-- Input data --
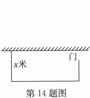 14. 退休的李老师借助自家15米的院墙和总长度为30米的围栏,在院墙外设计了一个矩形花圃种植花草.为方便进出,他在如图所示的位置安装了一个1米宽的门.设与墙相邻的一边长$x$米,花圃的面积为$y$平方米,则$y$与$x$之间的函数表达式为
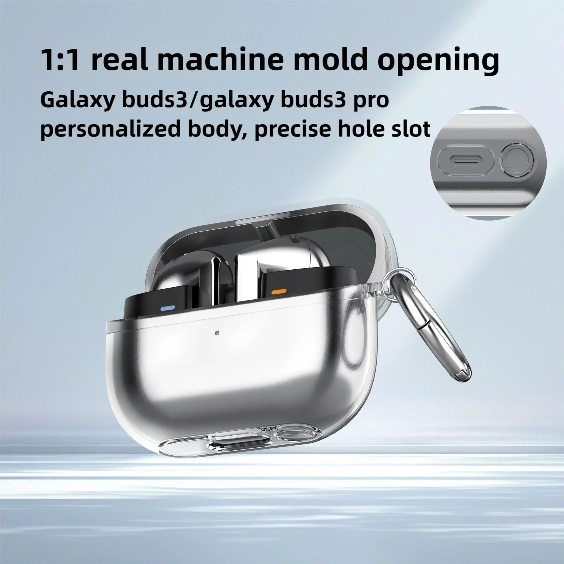 Clear transparent earphone case designed for Samsung Galaxy Buds 3 and Buds 3 Pro, offering shockproof protection against drops and scratches while maintaining a slim fit and showcasing the original design.
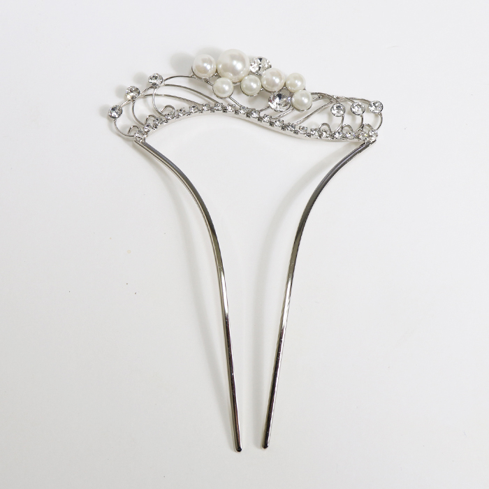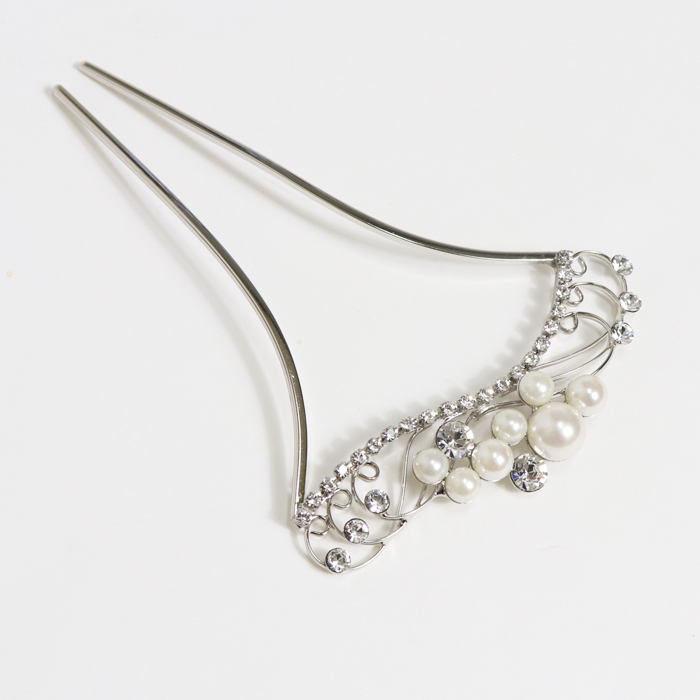 季節を選ばないパールかんざし 多くのシチュエーションで使えます パール・真鍮・ガラスかんざし 【シルバー】 波型 髪飾り 簪 かんざし イチョウ型 銀 入卒用 着物用髪飾り
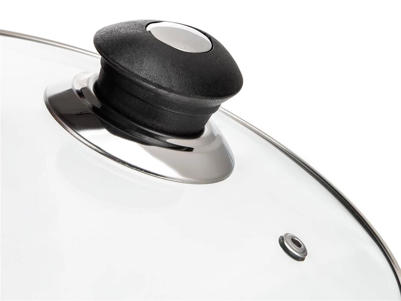 Przezroczysta pokrywka umożliwia podgląd potrawy bez podnoszenia, a zintegrowany zawór pary reguluje ciśnienie i wilgotność dla równomiernych rezultatów.
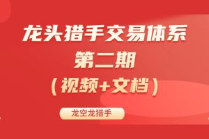 课程来自于 【龙空龙猎手】龙头猎手交易体系第二期
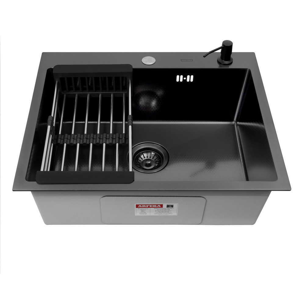 Кухонная мойка Arfeka Eco AR 60x50 (комплект коландер+дозатор) Black Decor
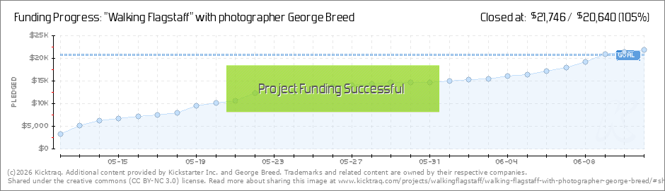 To friends, followers, and backers of the Walking Flagstaff book project: This campaign is close to reaching its target, with just over 48 hours to go. Not to jinx anything, but it looks like our community is about to make this book possible. We are... (Read More)
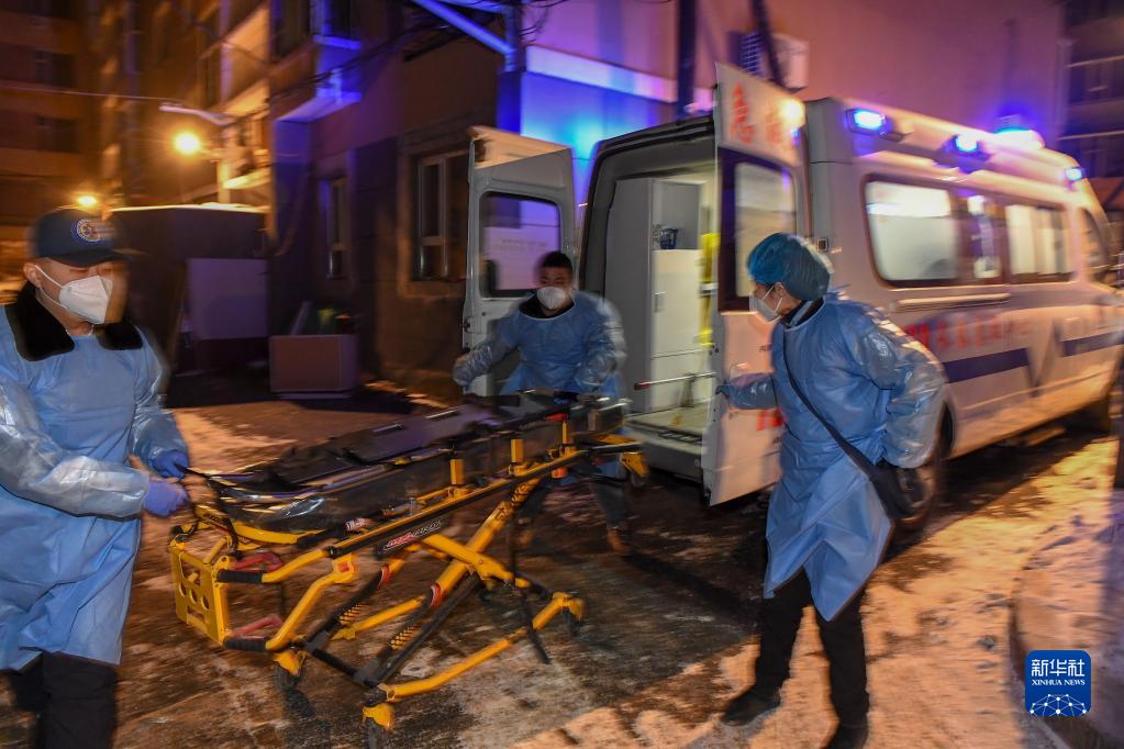 長(cháng)春市急救中心富民大街急救站擔架員徐文超、李冰和醫生李立群(從左至右)下車(chē)整理裝備趕往一位患者家中,準備對其進(jìn)行急救(2023年1月1日攝)。
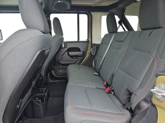 Quick Order Package 22R Rubicon, 4-Wheel Disc Brakes, 4.10 Rear Axle Ratio, 4G LTE Wi-Fi Hot Spot, 8 Speakers, 97 MPH Vehicle Max Speed Calibration, ABS brakes, Air Conditioning, Alloy wheels, AM/FM radio: SiriusXM, Apple CarPlay, Apple CarPlay/Android Auto, Automatic temperature control, Aux Battery, Auxiliary Switches, Black 3-Piece Hard Top, Brake assist, Class II Receiver Hitch, Cloth Low-Back Bucket Seats, Compass, Connectivity - US/Canada, Delay-off headlights, Driver door bin, Driver vanity mirror, Dual front impact airbags, Dual front side impact airbags, Electronic Stability Control, Emergency communication system: Jeep Connect, Freedom Panel Storage Bag, Front anti-roll bar, Front Bucket Seats, Front Center Armrest w/Storage, Front dual zone A/C, Front fog lights, Front License Plate Bracket (DISC), Front reading lights, Fully automatic headlights, Google Android Auto, Heated door mirrors, Illuminated entry, Integrated roll-over protection, Low tire pressure warning, Non-Lock Fuel Cap w/o Discriminator, Occupant sensing airbag, Outside temperature display, Overhead airbag, Panic alarm, ParkView Rear Back-Up Camera, Passenger door bin, Passenger vanity mirror, Performance Suspension, Power door mirrors, Power steering, Power windows, Radio data system, Radio: Uconnect 5 w/12.3 Display, Rear anti-roll bar, Rear reading lights, Rear Window Defroster, Rear Window Wiper/Washer, Remote keyless entry, Security system, Speed control, Split folding rear seat, Steering wheel mounted audio controls, Stop-Start Dual Battery System, Tachometer, Telescoping steering wheel, Tilt steering wheel, Traction control, Trip computer, Variably intermittent wipers, Voltmeter, Wheels: 17 x 7.5 Machined w/Black Pockets, and Wheels: 17 x 7.5 Machined/Painted Black.

-- Required work --
Transcribe, word for word, only the material from its opening line through the line containing "Кухонная мойка Arfeka", both ends included, and omit the pictures.

-- Your response --
 14. 退休的李老师借助自家15米的院墙和总长度为30米的围栏,在院墙外设计了一个矩形花圃种植花草.为方便进出,他在如图所示的位置安装了一个1米宽的门.设与墙相邻的一边长$x$米,花圃的面积为$y$平方米,则$y$与$x$之间的函数表达式为
 Clear transparent earphone case designed for Samsung Galaxy Buds 3 and Buds 3 Pro, offering shockproof protection against drops and scratches while maintaining a slim fit and showcasing the original design.
 季節を選ばないパールかんざし 多くのシチュエーションで使えます パール・真鍮・ガラスかんざし 【シルバー】 波型 髪飾り 簪 かんざし イチョウ型 銀 入卒用 着物用髪飾り
 Przezroczysta pokrywka umożliwia podgląd potrawy bez podnoszenia, a zintegrowany zawór pary reguluje ciśnienie i wilgotność dla równomiernych rezultatów.
 课程来自于 【龙空龙猎手】龙头猎手交易体系第二期
 Кухонная мойка Arfeka Eco AR 60x50 (комплект коландер+дозатор) Black Decor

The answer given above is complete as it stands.